The the storm passed and the sun came out. The happy fellow thought to bask in the sun again as he had loved to do. But alas and alack! Unlucky fellow! He could have no peace of mind. There was that mortgage to worry about. It was coming due. What could he do now? What could he do?
Ah cruel truth, Democus's troubles were greater after the storm than before. That day of foreclosure would surely come. O Democus, on that day must you change your name and shave your whiskers? Lacking foresight, will Republicus "Democus" Americus be prepared for the foreclosure?
Very truly yours,
James R. Carr
Though he had already had military training, and had been called by the draft board to go up to St. Louis for a physical, which he passed, he was never drafted during the war. This may have been merely the luck of the draw, or it might have been because of the shadows of doubt that had been cast upon his national loyalty. More likely, he simply enjoyed an exemption due to his defense-related work at the Ordnance Plant.
Of course, there was never any real doubt as to his loyalty, in spite of his difference of opinion on war policy, and he certainly wouldn't have been hired at the Ordnance Plant had the government determined that he was disloyal, or in the least a security risk. Security risks are not hired at bomb factories. (At least we hope not!) Still, he often had the feeling that he was being singled out and "watched." When the brass came to inspect the Ordinance Plant, he felt that certain ones of them eyed him particularly closely. When president Truman later came to Harrisburg after the war, he believed the Secret Service had him under close surveillance.
Even long after the war, it seemed to him that unknown "organizations" were actively working against him. His mail often seemed to be interrupted, or appeared to have been opened.

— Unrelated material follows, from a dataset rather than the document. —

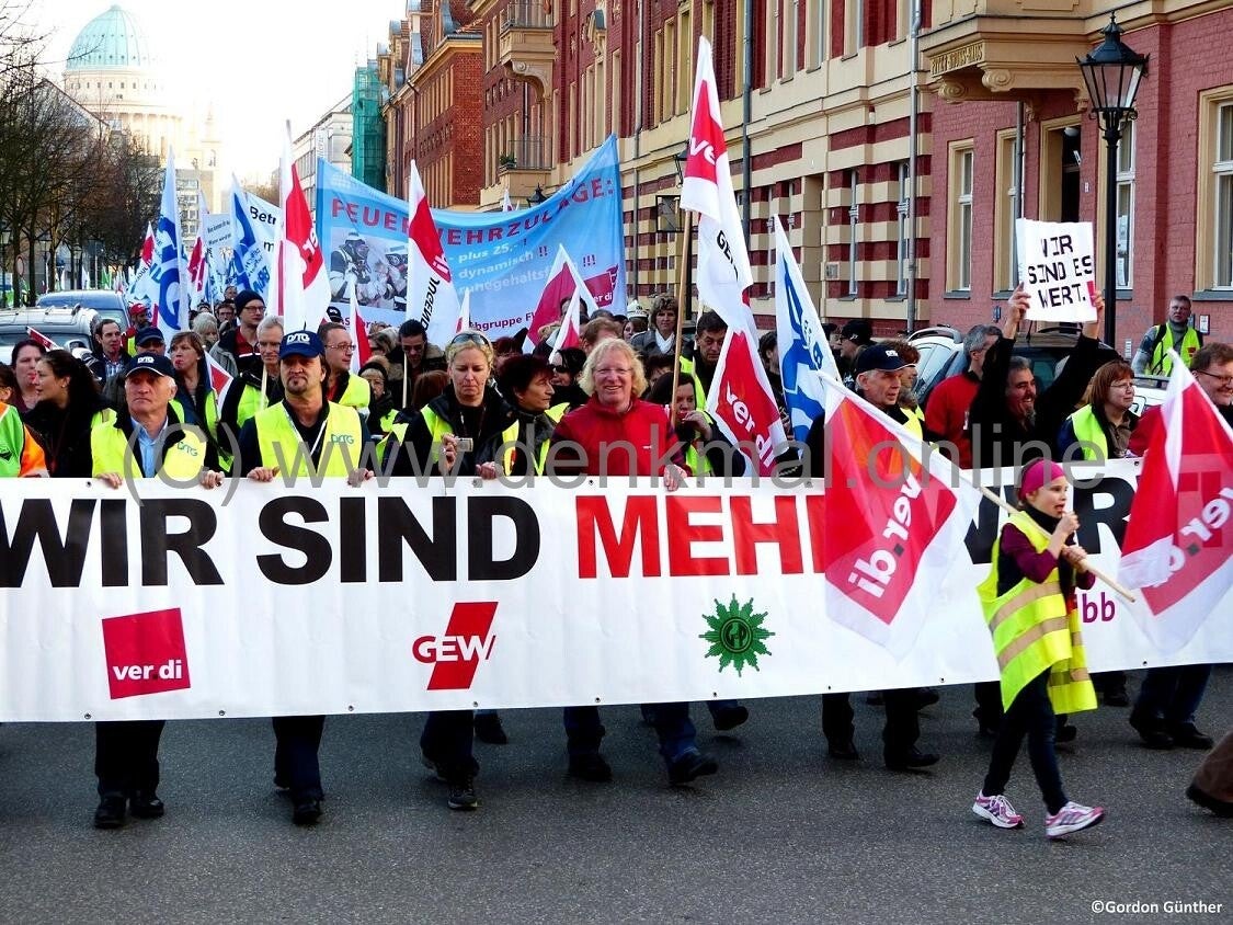 Viele Menschen brauchen etwas, woran sie ihr berufliches Wohlbefinden festmachen. Manche stehen gern in der ersten Reihe, andere bleiben lieber im Hintergrund. Bei mir kommt es darauf an, ob es sich um "mein Terrain" handelt. Aber prinzipiell liebe ich den öffentlichen Auftritt, die politische Wahrnehmung dessen, was und wie ich etwas tue. Als Bezirksgeschäftsführer bei ver.di war ich politisch z.B. auch für die Tarifrunden des Öffentlichen Dienstes verantwortlich. Also die Steuerung, Organisation, Mobilisierung und Koordinierung der beteiligten Bereiche und Gewerkschaftssekretäre. Mir oblagen auch die Absprachen mit den zu beteiligen (Landes)Vorsitzenden der DGB-Partnergewerkschaften, die von der Tarifrunde betroffen waren. Also GEW bei Lehrern und GdP für die Bundes- oder Landespolizei und auch der DBB. Wenn wir Demonstrationen an Streiktagen planten und mit der Polizei als Versammlungsbehörde abstimmen mussten, war mir auch immer ein hoher Wahrnehmungsfaktor des Anliegens wichtig. Daher suchten wir möglichst viele Menschen aus dem ganzen Land in Potsdam als Landeshauptstadt zusammenzuziehen. Also aus den Behörden von der Uckermark und Frankfurt über Cottbus und Brandenburg. Zu einem guten Wahrnehmungsfaktor gehörte auch stets eine Route, bei der wir in Potsdam sowohl die Innenstadt (Luisenplatz, Bassinplatz) "blockierten" und auch die Straßenbahn für 2-3 Stunden nicht fahren konnte, weil die Straße unsere Marschroute war und natürlich auch große Hauptstraßen beeinträchtigt waren, weil der Autoverkehr durch die Polizei gestoppt werden musste.
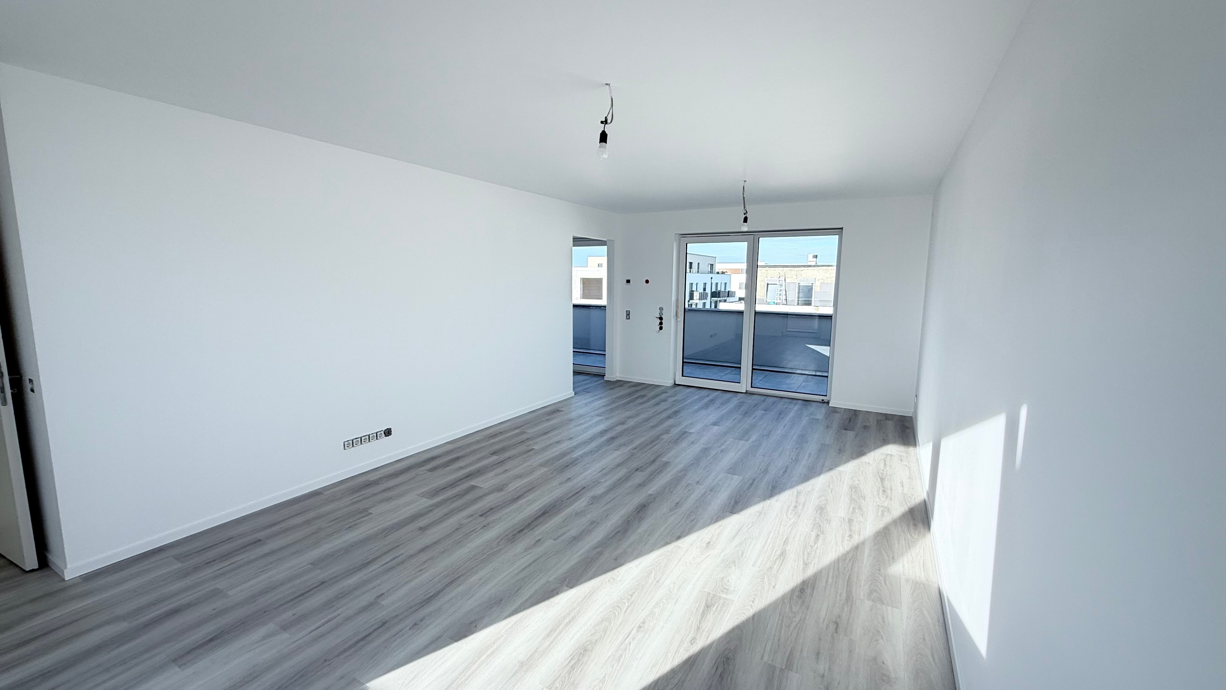 Die Wohnung überzeugt durch ihre helle, offene Raumgestaltung und eine umlaufende Terrasse mit Balkon, die den Wohnraum nach außen erweitert.

His mail orders seemed to be unduly delayed or failed to show up at all. As a consequence his paranoia was reinforced.
He didn't know about the government agents sowing suspicion against him until many years later. He felt the Catholics were out to do him damage. The only reason he might have suspected the Catholics was perhaps that his sister Flo's husband was a Catholic, and perhaps they had had a falling out. This paranoia lasted for many years after the war. While he was in Michigan, he always insisted that some "organizations," were spending a lot of time meddling in his business. I didn't believe it at the time, but he may have been right. War hysteria and paranoia of a nation can do strange things to people. I didn't know about his letters to the editor at the time, as he never mentioned them to me until years later.
It was over thirty years later that his "best" pre-war friend (Clarence Santy), finally admitted that he had been questioned about him in Harrisburg by the FBI, or other government agents. If his best friend wouldn't tell him, then who would? Who else had the government agents spoken to, planting the seeds of doubt as to national loyalty? What organizations, through such people, had been alerted that James Carr was "suspect"? Perhaps we will never know. But even his Uncle Bill, possessed by "war fever," had suspected him of being a German spy — a member of the infamous "fifth column" — because of his outspoken criticism of FDR, the war, and the British.
Though James was little inclined to join any formal organizations, particularly anything like a church, he did come to identify with the Unitarian church. For some time in the 1950s he was a member of the Unitarian Church of the Larger Fellowship, which was basically their "mail" church. His "ideology" parted company with the Unitarians, however, when it became apparent that the Unitarian Church was "full of bleeding heart liberals during the Civil Rights era." He disowned the church.
In an earlier era, James had been an unabashed open-minded progressive. But as the nation was transformed by such things as the Second World War, Korea, Vietnam, Civil Rights, and the counter-cultural movement, he effectively became a social conservative in spite of himself. But he hadn't changed any. The nation was changing around him and the culture was being turned inside out.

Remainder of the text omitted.